TASK ITEM - Go through the records below and set each one down exactly, leaving out any pictures.

——

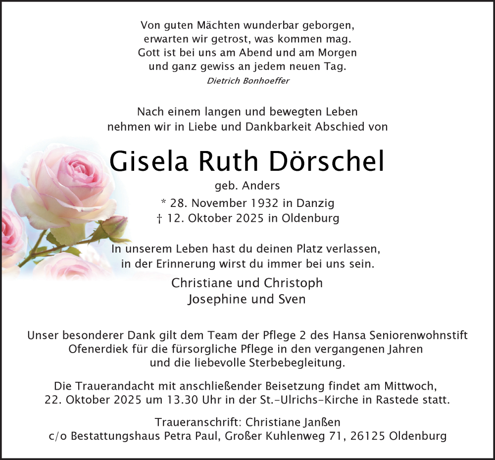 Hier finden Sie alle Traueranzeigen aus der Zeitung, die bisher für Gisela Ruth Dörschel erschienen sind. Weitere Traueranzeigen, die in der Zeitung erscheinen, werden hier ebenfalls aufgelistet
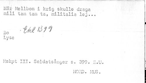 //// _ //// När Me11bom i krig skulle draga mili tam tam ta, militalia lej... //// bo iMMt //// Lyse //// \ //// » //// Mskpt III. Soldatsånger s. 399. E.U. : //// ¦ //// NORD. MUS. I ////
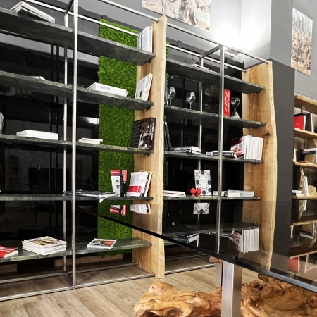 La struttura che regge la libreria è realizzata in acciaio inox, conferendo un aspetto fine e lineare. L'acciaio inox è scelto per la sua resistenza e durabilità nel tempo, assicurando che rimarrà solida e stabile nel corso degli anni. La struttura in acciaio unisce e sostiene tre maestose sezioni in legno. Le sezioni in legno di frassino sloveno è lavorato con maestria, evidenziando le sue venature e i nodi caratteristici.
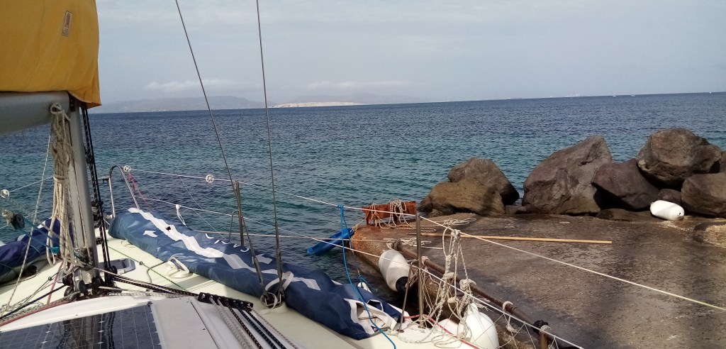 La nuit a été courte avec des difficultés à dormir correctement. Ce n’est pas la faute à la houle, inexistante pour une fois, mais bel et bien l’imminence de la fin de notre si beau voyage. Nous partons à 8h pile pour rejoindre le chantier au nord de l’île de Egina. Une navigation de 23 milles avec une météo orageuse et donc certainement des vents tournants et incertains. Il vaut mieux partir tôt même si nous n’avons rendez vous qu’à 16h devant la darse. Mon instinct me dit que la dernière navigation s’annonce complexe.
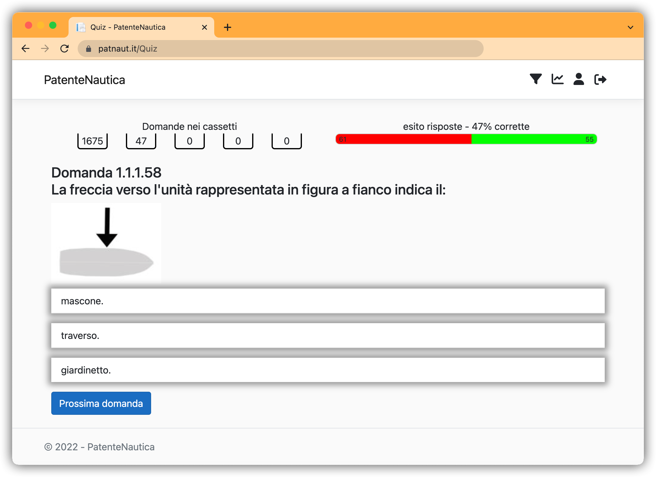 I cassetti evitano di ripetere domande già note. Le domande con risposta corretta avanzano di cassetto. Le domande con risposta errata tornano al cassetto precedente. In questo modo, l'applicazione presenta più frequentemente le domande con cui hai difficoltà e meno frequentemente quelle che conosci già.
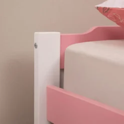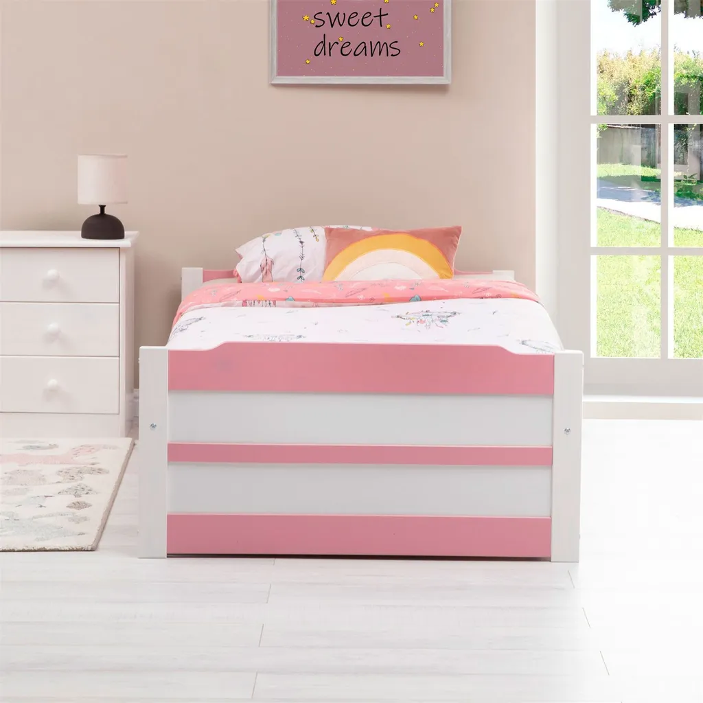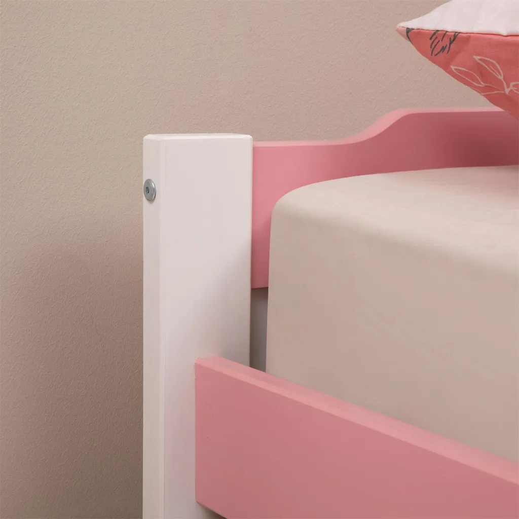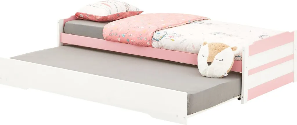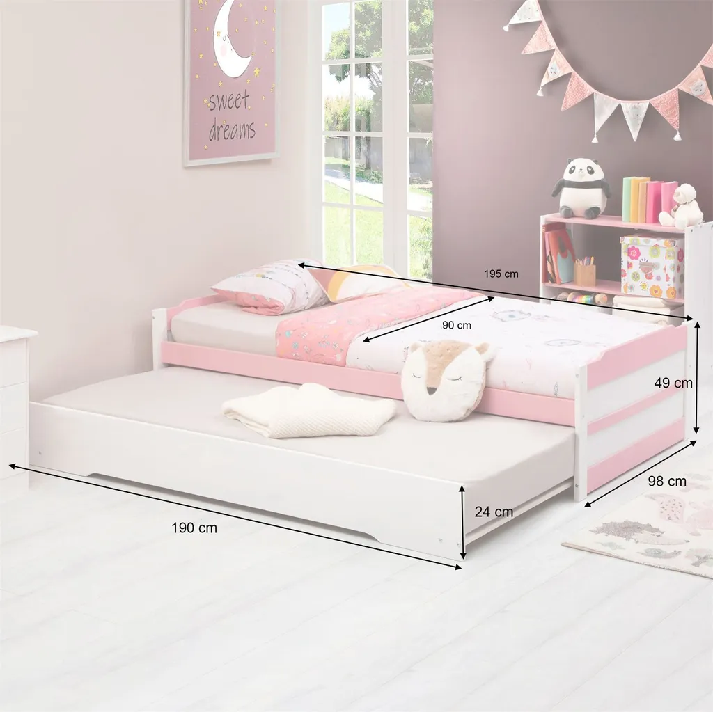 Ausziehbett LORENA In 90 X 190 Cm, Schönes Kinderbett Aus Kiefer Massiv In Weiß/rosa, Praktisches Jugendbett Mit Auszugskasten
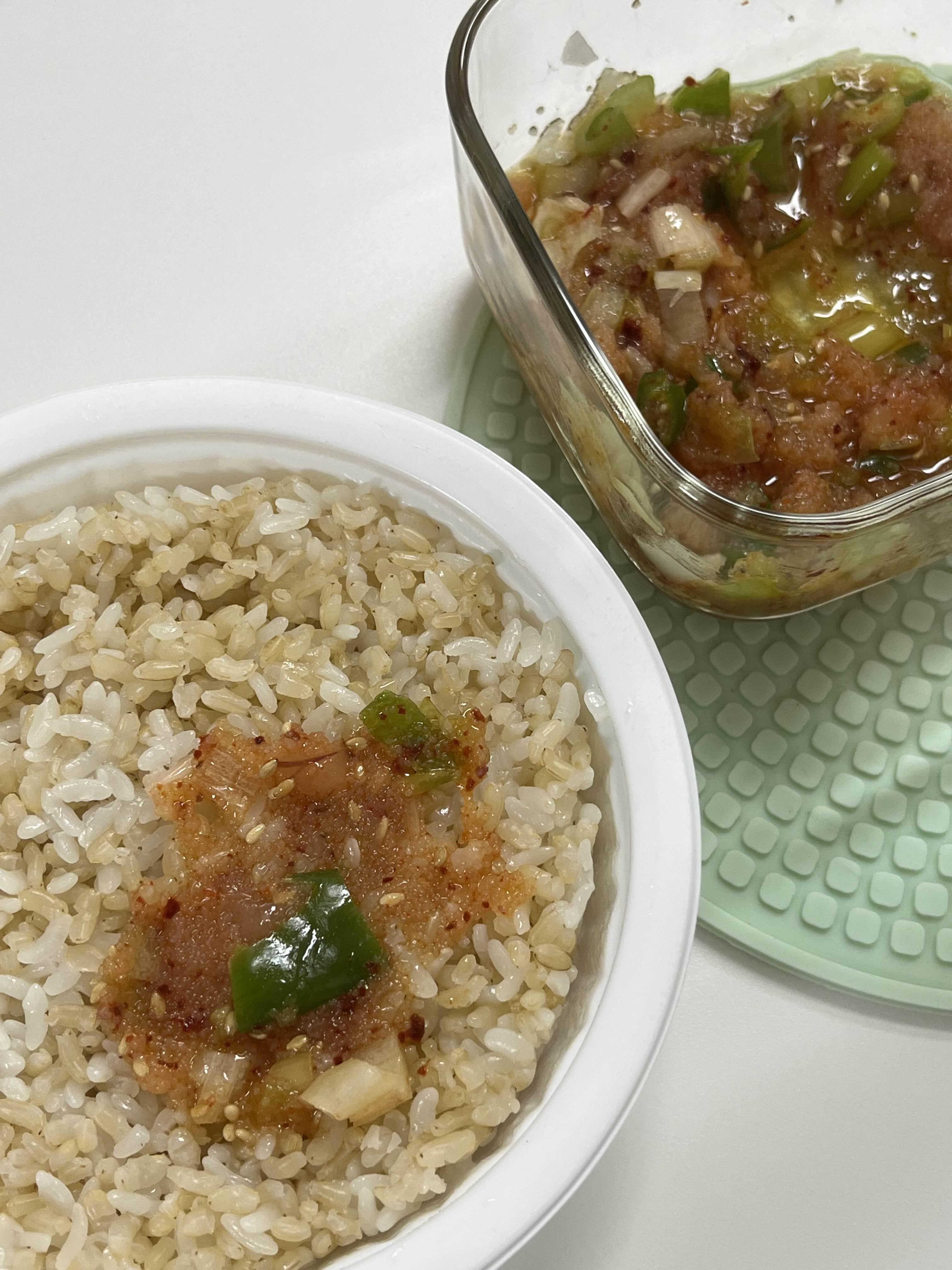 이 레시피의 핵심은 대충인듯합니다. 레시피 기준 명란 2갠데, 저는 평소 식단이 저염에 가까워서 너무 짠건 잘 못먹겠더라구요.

——

RESULT OF THE TASK -
 Hier finden Sie alle Traueranzeigen aus der Zeitung, die bisher für Gisela Ruth Dörschel erschienen sind. Weitere Traueranzeigen, die in der Zeitung erscheinen, werden hier ebenfalls aufgelistet
 //// _ //// När Me11bom i krig skulle draga mili tam tam ta, militalia lej... //// bo iMMt //// Lyse //// \ //// » //// Mskpt III. Soldatsånger s. 399. E.U. : //// ¦ //// NORD. MUS. I ////
 La struttura che regge la libreria è realizzata in acciaio inox, conferendo un aspetto fine e lineare. L'acciaio inox è scelto per la sua resistenza e durabilità nel tempo, assicurando che rimarrà solida e stabile nel corso degli anni. La struttura in acciaio unisce e sostiene tre maestose sezioni in legno. Le sezioni in legno di frassino sloveno è lavorato con maestria, evidenziando le sue venature e i nodi caratteristici.
 La nuit a été courte avec des difficultés à dormir correctement. Ce n’est pas la faute à la houle, inexistante pour une fois, mais bel et bien l’imminence de la fin de notre si beau voyage. Nous partons à 8h pile pour rejoindre le chantier au nord de l’île de Egina. Une navigation de 23 milles avec une météo orageuse et donc certainement des vents tournants et incertains. Il vaut mieux partir tôt même si nous n’avons rendez vous qu’à 16h devant la darse. Mon instinct me dit que la dernière navigation s’annonce complexe.
 I cassetti evitano di ripetere domande già note. Le domande con risposta corretta avanzano di cassetto. Le domande con risposta errata tornano al cassetto precedente. In questo modo, l'applicazione presenta più frequentemente le domande con cui hai difficoltà e meno frequentemente quelle che conosci già.
 Ausziehbett LORENA In 90 X 190 Cm, Schönes Kinderbett Aus Kiefer Massiv In Weiß/rosa, Praktisches Jugendbett Mit Auszugskasten
 이 레시피의 핵심은 대충인듯합니다. 레시피 기준 명란 2갠데, 저는 평소 식단이 저염에 가까워서 너무 짠건 잘 못먹겠더라구요.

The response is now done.